Gdy ukaże się ten artykuł, sprawa Lekarskiego Egzaminu Państwowego (LEP) będzie już definitywnie rozstrzygnięta, zgodnie z postulatami środowiska lekarskiego, władz wyższych uczelni medycznych, a także, co się okazało dopiero w trakcie debaty na ten temat w Sejmie, zgodnie ze stanowiskiem Ministra Zdrowia.

Odsunięcie LEP-u w czasie zamyka pewien etap działań w celu uporządkowania systemu kształcenia podyplomowego. Jest jednak jeszcze mnóstwo problemów, związanych chociażby tylko z przebiegiem stażu podyplomowego, które trzeba rozwiązać, aby w przyszłości taki egzamin mógł zostać przeprowadzony w sposób obiektywny i profesjonalny.

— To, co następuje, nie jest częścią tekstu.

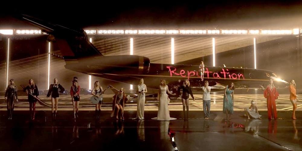 Sekumpulan Tay berbaris di depan pesawat bertuliskan ‘Reputation’. Masing-masingnya mengenakan pakaian pada video Tay sebelumnya.
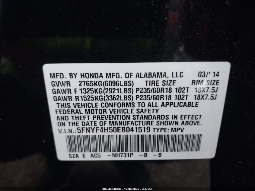 2014 HONDA PILOT LX

Ale nawet najlepszy egzamin nie spowoduje nagłego wzrostu poziomu wykształcenia lekarzy, jeżeli nie przeprowadzi się naprawy całego systemu kształcenia, od początku studiów medycznych aż po zapewnienie możliwości realizowania obowiązku doskonalenia zawodowego zapisanego w ustawie o zawodzie lekarza.

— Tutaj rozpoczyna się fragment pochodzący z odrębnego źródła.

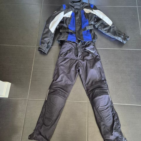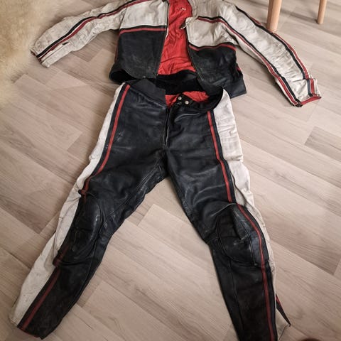 2 delt skinndress. (kan kobles sammen m glidelås) Jakke str 56. Bukse str 52.
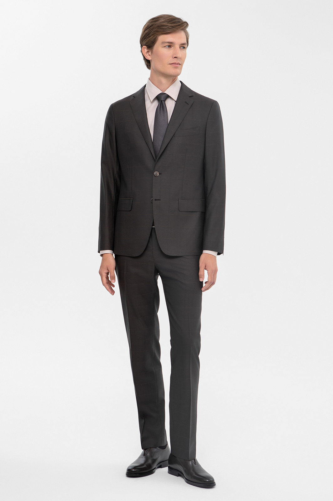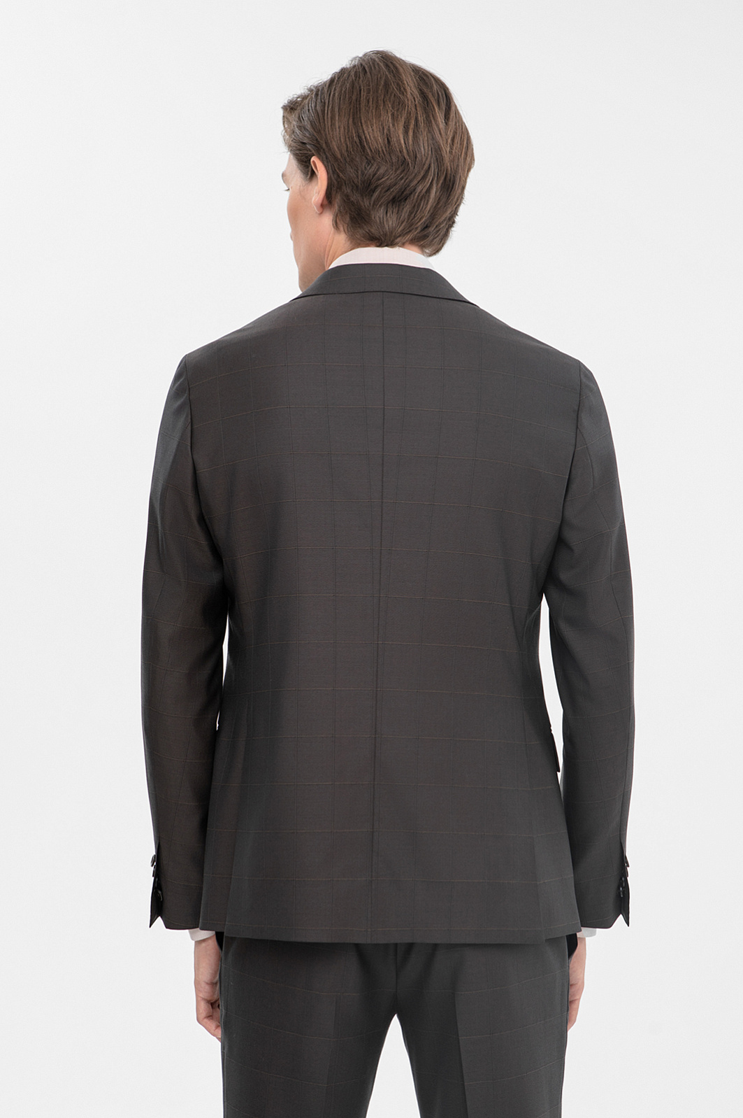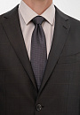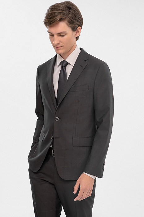 Костюм KANZLER спокойного серо-коричневого оттенка из тонкой шерсти мериноса Супер 140S объединяет черты консервативного делового стиля с небольшими вольностями — современным кроем и узором в неброскую тонкую клетку. Двойка состоит из однобортного пиджака с двумя шлицами, пуговицами в тон и брюк со стрелками. Благодаря зауженному силуэту любая фигура вытягивается и не выглядит приземленной. Естественные линии плечевого пояса обеспечивают хорошую посадку. Натуральная ткань мягко облегает тело, намечая основные константы — ширину плеч и линию талии. Для производства материала использовались тонкие волокна шерсти, которые придают ему дорогой вид и поддерживают комфортную для тела температуру и в теплые, и в холодные дни.

Lekarski Egzamin Państwowy to pierwszy stopień schodów, znajdujących się przed młodymi lekarzami na początku ich drogi zawodowej. Wszystkie osoby związane ze środowiskiem lekarskim wiedzą, co się dzieje z systemem specjalizacji. A dzieje się źle.

W dzisiejszych czasach, kiedy konkurencja między lekarzami powoli staje się faktem, niemożliwe jest funkcjonowanie na rynku usług medycznych bez posiadania specjalizacji. Żadna kasa chorych, a w przyszłości – prywatna firma ubezpieczeniowa nie podpisze z takim lekarzem umowy na świadczenie usług lekarskich. Podobnie żaden publiczy zakład opieki zdrowotnej czy też niepubliczny zoz nie zatrudni takiego lekarza, chyba że będzie on w trakcie szkolenia. Wystarczy spojrzeć na ogłoszenia, w których poszukuje się niemal wyłącznie specjalistów. Wkrótce brak tytułu specjalisty będzie dla lekarza równoznaczny z bezrobociem.

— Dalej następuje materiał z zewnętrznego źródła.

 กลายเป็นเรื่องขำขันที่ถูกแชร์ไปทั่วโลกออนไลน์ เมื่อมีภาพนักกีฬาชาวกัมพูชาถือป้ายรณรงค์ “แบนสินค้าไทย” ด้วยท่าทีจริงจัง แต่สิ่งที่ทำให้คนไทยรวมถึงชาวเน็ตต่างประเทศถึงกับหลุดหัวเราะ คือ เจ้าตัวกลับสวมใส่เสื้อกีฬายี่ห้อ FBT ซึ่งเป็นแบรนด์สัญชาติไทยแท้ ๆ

Można, oczywiście, zmienić zawód, ale znakomita większość moich kolegów nie po to chyba poddała się 7,5-rocznej procedurze szkolenia, niekiedy kosztem zdrowia fizycznego i psychicznego, aby w końcu całą zdobytą wiedzę i umiejętności "odłożyć na półkę". Wprawdzie już na pierwszym roku studiów mówiono nam: "Jest wiele innych pięknych zawodów w białych fartuchach", jednak mimo wszystko postanowiliśmy dotrwać do końca.

Jak wiadomo, rozporządzenie Ministra Zdrowia i Opieki Społecznej w sprawie specjalizacji lekarzy i lekarzy stomatologów z 25 marca 1999 r. (Dz.U. nr 31, poz. 302) wymienia formy prawne, w ramach których można uzyskać tytuł specjalisty. Postaram się przedstawić ich wady oraz istniejące przeszkody natury formalnej i organizacyjnej. Reprezentuję przy tym punkt widzenia lekarza w trakcie odbywania stażu podyplomowego, który za kilka miesięcy, posiadając już prawo wykonywania zawodu, rozpocznie poszukiwania pracy w swoim fachu.

Jak można zdobyć specjalizację?



1. Na podstawie umowy o pracę, zawartej na czas określony z jednostką organizacyjną prowadzącą specjalizację, w ramach szkoleniowego etatu rezydenckiego, zwanego "rezydenturą".


Etat jest wówczas finansowany przez Ministerstwo Zdrowia, a wynagrodzenie niewielkie, biorąc pod uwagę obowiązek stałego dokształcania i odbywania staży specjalizacyjnych. Jednak w porównaniu z pensjami lekarzy podstawowej opieki zdrowotnej wypada to dość przyzwoicie, jeśli o zarobkach tych ostatnich w ogóle można tak powiedzieć. Brak jest jednak jasno sprecyzowanych przepisów mówiących o wysokości wynagrodzenia, jak ma to miejsce w przypadku stażu podyplomowego. Nie ma także określonego wynagrodzenia dla opiekuna specjalizującego się lekarza.

Forma rezydentury jest obecnie głównym sposobem, w jaki lekarz po stażu podyplomowym może zdobyć specjalizację. W założeniach, rezydentury miały stanowić 50% wszystkich miejsc specjalizacyjnych, z czego połowa miała przypadać na medycynę rodzinną. Zainteresowani wiedzą, że jest ich zdecydowanie mniej, a w ostatniej sesji nie było ich w ogóle. Nie wiadomo, według jakiego klucza rozdzielane są miejsca specjalizacyjne na poszczególne województwa, a także, czy brane jest pod uwagę zapotrzebowanie na daną grupę specjalistów w regionie.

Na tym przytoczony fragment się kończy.